A: Most monumental choices in life, like planning for retirement, choosing a cancer treatment, or adapting to new technology, involve incredibly messy trade-offs that don’t fit into a simple multiple-choice question. Historically, governments and banks have struggled to analyze mass public surveys because coding open-ended feedback is too slow. This new framework allows public policy analysts to deploy LLMs to immediately read and quantify thousands of complex, written responses from real citizens. This reveals exactly how the public simplifies complicated problems, what specific pieces of information they focus on, and how to design safer, clearer, and more supportive programs that match real human behavior.
Editorial Notes:
- This article was edited by a Neuroscience News editor.
- Journal paper reviewed in full.
- Additional context added by our staff.
About this AI and decision-making research news
Author: Benjamin Griebe
Source: TUD
Contact: Benjamin Griebe – TUD
Image: The image is credited to Neuroscience News
Original Research: Open access.
“Large language models accurately identify decision reasons in verbal reports” by Dirk U. Wulff, Kamil Fuławka, Ralph Hertwig.
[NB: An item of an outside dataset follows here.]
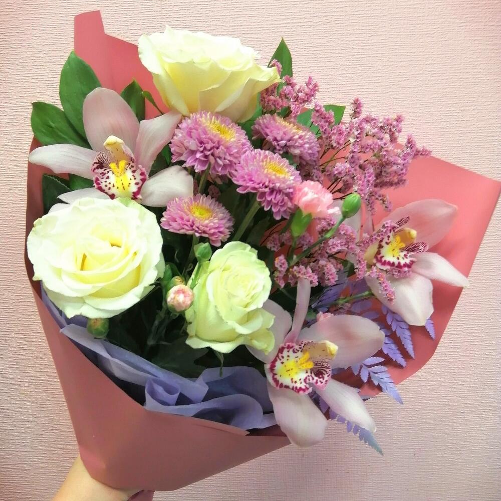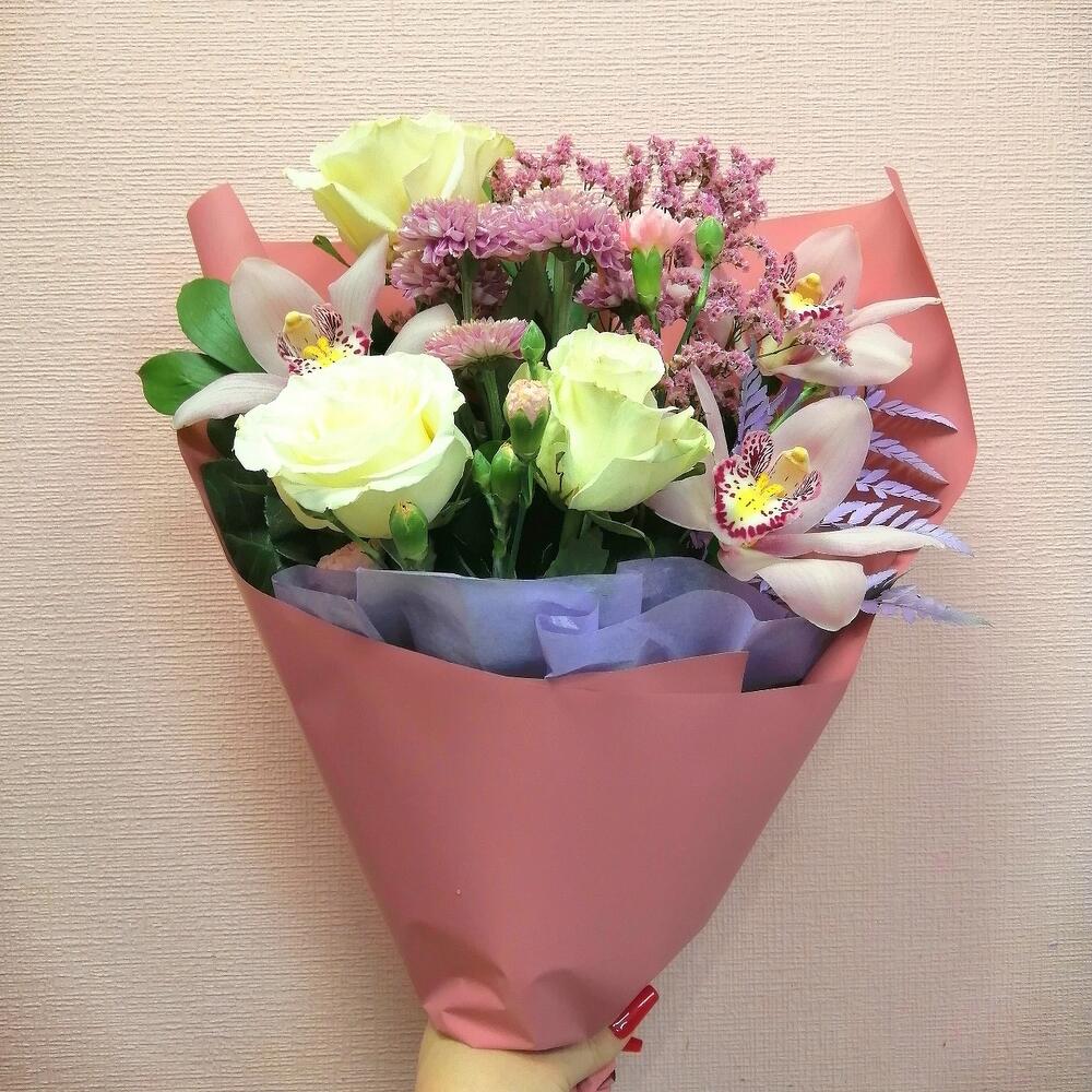Лента – 1 шт.Лимониум – 2 шт.Папоротник – 1 шт.Хризантема кустовая – 1 шт.Роза Эквадор – 3 шт.Гвоздика – 2 шт.Упаковка дизайнерская – 1 шт.Рускус сочи – 4 шт.Орхидея цветок – 3 шт.

PNAS
DOI:10.1073/pnas.2526798123
Abstract
Large language models accurately identify decision reasons in verbal reports
Understanding the reasons behind human choices under risk is a central goal of decision scientists, but traditional methods relying on behavioral data are limited by strict invariance assumptions. We introduce a scalable analytical framework using large language models (LLMs) to analyze verbal reports and identify articulated reasons for choice between monetary lotteries.
A validated LLM accurately identified predefined decision reasons in participants’ free-text reports, aligning with their actual choices in 95% of trials. Our analysis reveals that the reasons behind people’s decisions vary systematically and are driven more by the structure of the choice problem than by individual differences.
Crucially, reasons identified from verbal reports yield more parsimonious and informative representations of decision processes compared to those inferred from choices alone; furthermore, problem-specific reason profiles achieve out-of-sample prediction accuracy that is competitive with established computational models.
This work demonstrates that verbal reports are a rich data source and our analytical framework can unlock their potential, delivering results that challenge the field’s foundational invariance assumptions and pave the way for more context-sensitive and interpretable models of human decision making.